Models#
This section gives a brief overview of the supported speaker diarization models in NeMo’s ASR collection.
Currently NeMo Speech AI supports two types of speaker diarization systems:
1. End-to-end Speaker Diarization: Sortformer Diarizer Sortformer is a Transformer encoder-based end-to-end speaker diarization model that generates predicted speaker labels directly from input audio clips.
2. Cascaded (Pipelined) Speaker Diarization: Clustering diarizer with Multi-Scale Diarization Decoder (MSDD) The speaker diarization pipeline in NeMo Speech AI involves the use of the MarbleNet model for Voice Activity Detection (VAD), the TitaNet model for speaker embedding extraction, and the Multi-Scale Diarization Decoder for neural diarization, all of which are explained on this page.
Sortformer Diarizer#
Speaker diarization is all about figuring out who’s speaking when in an audio recording. In the world of automatic speech recognition (ASR), this becomes even more important for handling conversations with multiple speakers. Multispeaker ASR (also known as speaker-attributed or multitalker ASR) uses this process to not just transcribe what’s being said, but also to label each part of the transcript with the right speaker.
As ASR technology continues to advance, speaker diarization is increasingly becoming part of the ASR workflow itself. Some systems now handle speaker labeling and transcription at the same time during decoding. This means you not only get accurate text—you’re also getting insights into who said what, making it more useful for conversational analysis.
However, despite significant advancements, integrating speaker diarization and ASR into a unified, seamless system remains a considerable challenge. A key obstacle lies in the need for extensive high-quality, annotated audio data featuring multiple speakers. Acquiring such data is far more complex than collecting monaural-speaker datasets. This challenge is particularly pronounced for low-resource languages and domains like healthcare, where strict privacy regulations further constrain data availability.
On top of that, many real-world use cases need these models to handle really long audio files—sometimes hours of conversation at a time. Training on such lengthy data is even more complicated because it’s hard to find or annotate. This creates a big gap between what’s needed and what’s available, making multispeaker ASR one of the toughest nuts to crack in the field of speech technology.

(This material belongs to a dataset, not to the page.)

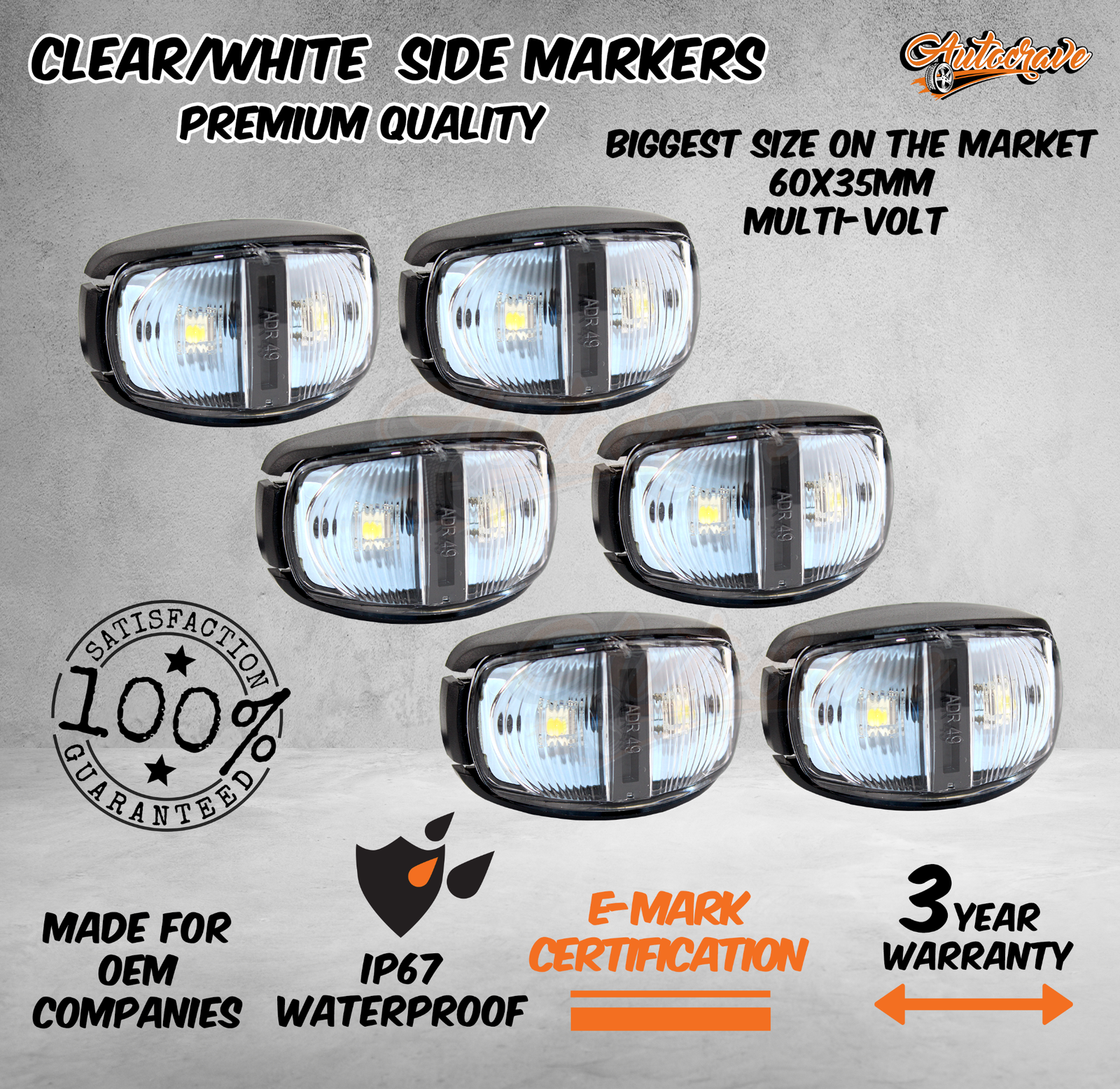 6x LED CLEARANCE LIGHT SIDE MARKER LAMP CLEAR WHITE TRAILER TRUCK CARAVAN M/VOLT

To tackle the complexities of multispeaker automatic speech recognition (ASR), we introduce Sortformer, a new approach that incorporates Sort Loss and techniques to align timestamps with text tokens. Traditional approaches like permutation-invariant loss (PIL) face challenges when applied in batchable and differentiable computational graphs, especially since token-based objectives struggle to incorporate speaker-specific attributes into PIL-based loss functions.
To address this, we propose an arrival time sorting (ATS) approach. In this method, speaker tokens from ASR outputs and speaker timestamps from diarization outputs are sorted by their arrival times to resolve permutations. This approach allows the multispeaker ASR system to be trained or fine-tuned using token-based cross-entropy loss, eliminating the need for timestamp-based or frame-level objectives with PIL.

The ATS-based multispeaker ASR system is powered by an end-to-end neural diarizer model, Sortformer, which generates speaker-label timestamps in arrival time order (ATO). To train the neural diarizer to produce sorted outputs, we introduce Sort Loss, a method that creates gradients enabling the Transformer model to learn the ATS mechanism.

Additionally, as shown in the above figure, our diarization system integrates directly with the ASR encoder. By embedding speaker supervision data as speaker kernels into the ASR encoder states, the system seamlessly combines speaker and transcription information. This unified approach improves performance and simplifies the overall architecture.
As a result, our end-to-end multispeaker ASR system is fully or partially trainable with token objectives, allowing both the ASR and speaker diarization modules to be trained or fine-tuned using these objectives. Additionally, during the multispeaker ASR training phase, no specialized loss calculation functions are needed when using Sortformer, as frameworks for standard single-speaker ASR models can be employed. These compatibilities greatly simplify and accelerate the training and fine-tuning process of multispeaker ASR systems.
On top of all these benefits, Sortformer can be used as a stand-alone end-to-end speaker diarization model. By training a Sortformer diarizer model especially on high-quality simulated data with accurate time-stamps, you can boost the performance of multi-speaker ASR systems, just by integrating the Sortformer model as Speaker Supervision model in a computation graph.
In this tutorial, we will walk you through the process of training a Sortformer diarizer model with toy dataset. Before starting, we will introduce the concepts of Sort-Loss calculation and the Hybrid loss technique.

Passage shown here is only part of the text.